In many tennis tournaments throughout the world, each net can be different. Wimbledon is known for a loose net while the U.S. Open is known for having a tight highly tensioned net. In fact, because both tournaments are outdoors, the net may be taken down as much as several times on any particular day with inclement weather. From tournament to tournament, and court to court, and even from day to day, and hour to hour, there lacks a precise, uniform net tension in tennis. And with this varying net tension, comes varying net heights (as net height is directly correlated to net tension, as explained further below).
When net tension is different, balls that clip the very top of the net (“net tape”) during a rally will dribble over a loose net (resulting in what is called a cheap point), as a net with a looser tension absorbs the forward movement of the ball, allowing balls which hit the tape to roll over to the other side of the net. Conversely, with a tight net, the ball that clips the net tape will either sit up for an easy put away, or bounce out for a loss of the point, as tighter tensions do not absorb the forward pace and either send balls hitting the tape backward or cause the ball to change trajectory and fly out. This causes inconsistency in playing conditions.

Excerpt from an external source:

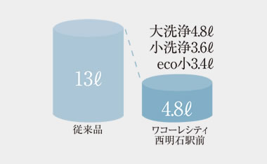 環境にやさしく、しかも経済的。洗浄使用量は大4.8ℓ/小3.6ℓ/eco小3.4ℓと従来品に比べ約70%の節水を実現。水道料金を節約できます。
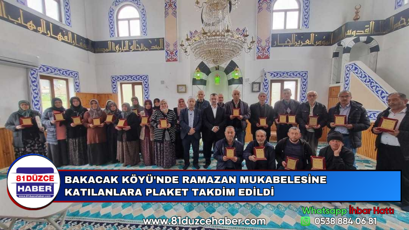 Düzce’nin Gölyaka ilçesine bağlı Bakacak Köyü'nde, Ramazan ayı boyunca gerçekleştirilen mukabele programına katılan 25 vatandaşa plaket takdim edildi.

Additionally, as mentioned, when net tension is different, the height of the net will be different. This is despite the fact that the net post is a defined height, as is the center-strap (107 cm and 91.4 cm respectively). The net traverses the court typically at 12.8 m in length (or 10.97 m for a singles net post). The net itself weighs approximately 10 kg (alternately approximately twice that for the ATP World Tour nets). Therefore, there will be a measurable sag in the net even when it is cranked up to reach the center-strap 91.4 cm height. The more one cranks thereafter, the tighter the net, thus as the net tension increases, the sag between the net posts/singles sticks and the center-strap will lessen, as the net cable will straighten out while being pulled tighter (resulting in different heights between those two points). This non-measured cranking (done essentially by “feel”) can result in not only an inconsistent net tension but also an inconsistent net height. While the height of a net is the same for players on both sides, a player with more top spin will have an advantage over a player who hits a flatter ball when the net height can vary as much as several millimeters over the most of the playing area of the net (and as much as 1 cm at the midpoint between the singles stick and center-strap where the sag is greatest). Further, players who prefer to hit down the line (as opposed to cross court) will have a lower/higher net height at precisely that part of the net, with potentially different results of any such shot, depending upon the net tension. As the court itself has strictly defined dimensions and measurements in millimeters, as determined by the tennis governing bodies, and thus define the height of the net at any given point by virtue of knowing (and creating) the net tension.
For serves, the current rules call for a “service let,” which is when the ball clips the net and still falls inside the service box. Loose nets will likely result in more lets while tight nets more likely cause the ball to either bounce back, sit up, or fly further and thus out (a “fault”). Professional tennis had recently considered removing the “service let.” Should this still happen in the future, more “aces” will occur with loose nets (as the ball dribbles over to the other side) while tight nets will cause more balls to sit up for easy winners by the opponent or will go fly out for a loss of the point. The result is different depending upon the net tension. This is unacceptable, as the effect can be different on different courts and even change on the same court on the same day when the net often needs to be taken down on outdoor courts during rain, or to change nets during events with different tours (which have different nets). The result is an ever varying net tension and height for virtually each time a net is set up.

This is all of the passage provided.